Single by Ringo Starr

from the album Old Wave
- B-side: "As Far as We Can Go"
- Released: 16 June 1983 (Germany, Austria, and Switzerland only) 1 November 1994 (Reissue)
- Genre: Rock; pop rock;
- Length: 3:13
- Label: Bellaphon – 100-16-012
- Songwriter(s): Joe Walsh; Richard Starkey; Mo Foster; Kim Goody;
- Producer(s): Joe Walsh

= In My Car (Ringo Starr song) =

"In My Car" is a single by the Beatles' former drummer, Ringo Starr. The track is credited as being written by Mo Foster, Kim Goody, Richard Starkey, and Joe Walsh. The track was included on Starr's ninth solo studio album, Old Wave, which was produced by the Eagles' lead guitarist, Joe Walsh in 1983.

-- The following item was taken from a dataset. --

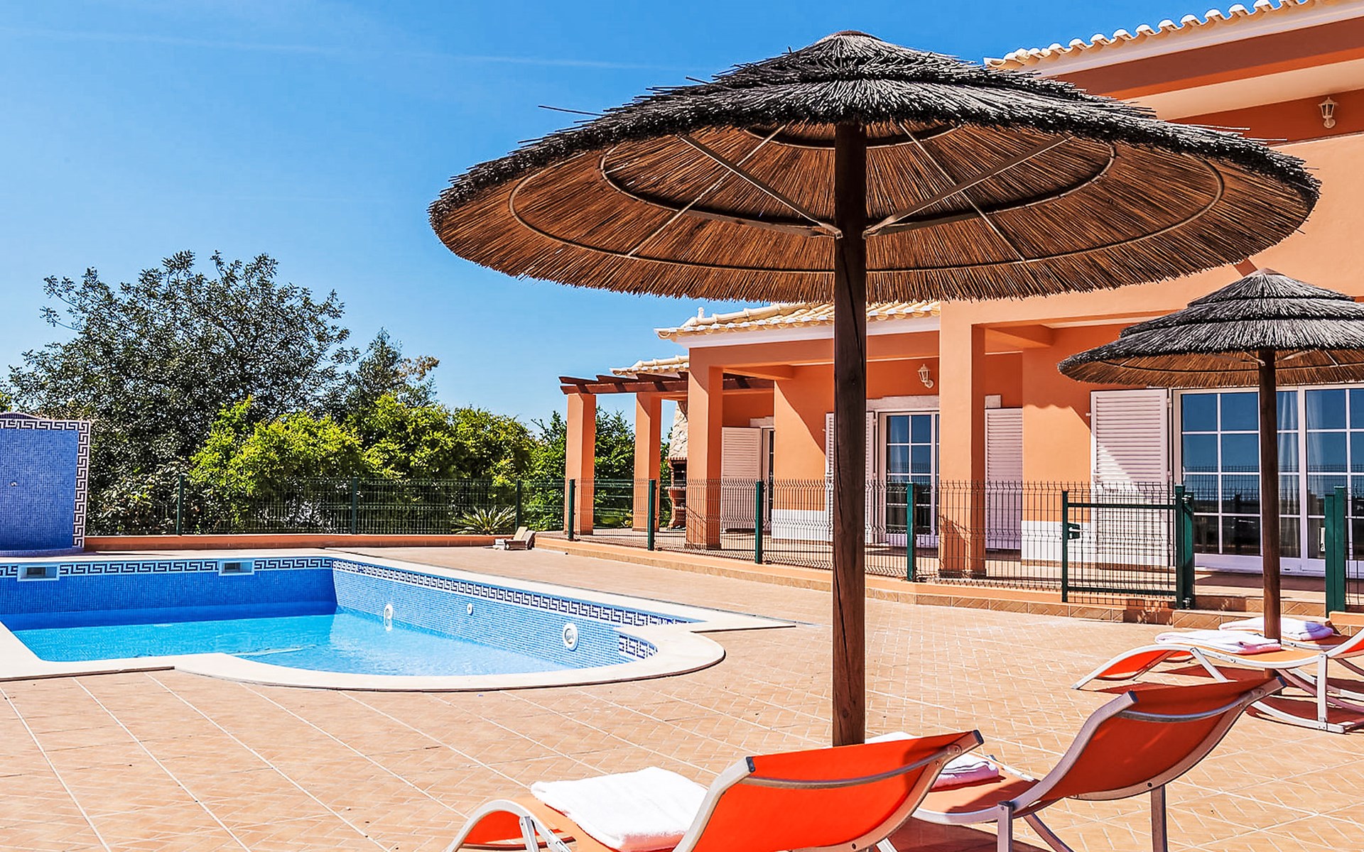 Villa "Casa da Horta", bouwjaar 2012. 9.3 km van zee. Voor alleengebruik: terrein 2.500 m2 (omheind), mooie tuin ter ontspanning, openluchtzwembad hoekig, verwarmd, omheind (9 x 4 m, 80 - 150 cm diepte, seizoensgebonden beschikbaarheid: 01.Jan. - 31.Dec., extra) met zout-elektrolyse. Buitendouche. In het huis: air-conditioning, alarmsysteem, wasserette, wasmachine. Luchthaventransfer. Parkeerplaats (voor 6 auto's) op het terrein. Levensmiddelenwinkel 5.6 km, supermarkt 6.2 km, winkelcentrum 10.7 km, restaurant 5.6 km, bar 5.6 km, café 5.6 km, internet cafe 5.6 km, biertuin 5.6 km, bushalte 1.9 km, zandstrand "Praia de armação de Pêra" 9.3 km. Golfterrein (9 holes) 4.6 km. Attracties in de buurt: zoomarine 9.3 km, Slide e Slpash 19.7 km, Algarve Shopping Guia 10.7 km, Amendoeiras Golf 4.6 km. Groepen jongeren uitsluitend op aanvraag.

The single was re-released, this time on yellow vinyl for jukeboxes only, with "She's About a Mover" as the B-side, on the label The Right Stuff on 1 November 1994, 11 years after the first release.

== Personnel ==
- Ringo Starr – lead vocals; drums; percussion
- Joe Walsh – lead guitar; backing vocals
- Mo Foster – bass guitar
- Chris Stainton – keyboards
- Gary Brooker – keyboards
- Mark Easterling – backing vocals
- Steve Hess – backing vocals
- Patrick Maroshek – backing vocals

== Cover version ==
In 1987, Joe Walsh, the single's producer and co-songwriter, recorded a cover version for his eighth solo studio album Got Any Gum?, which was released as a single and became a moderate hit.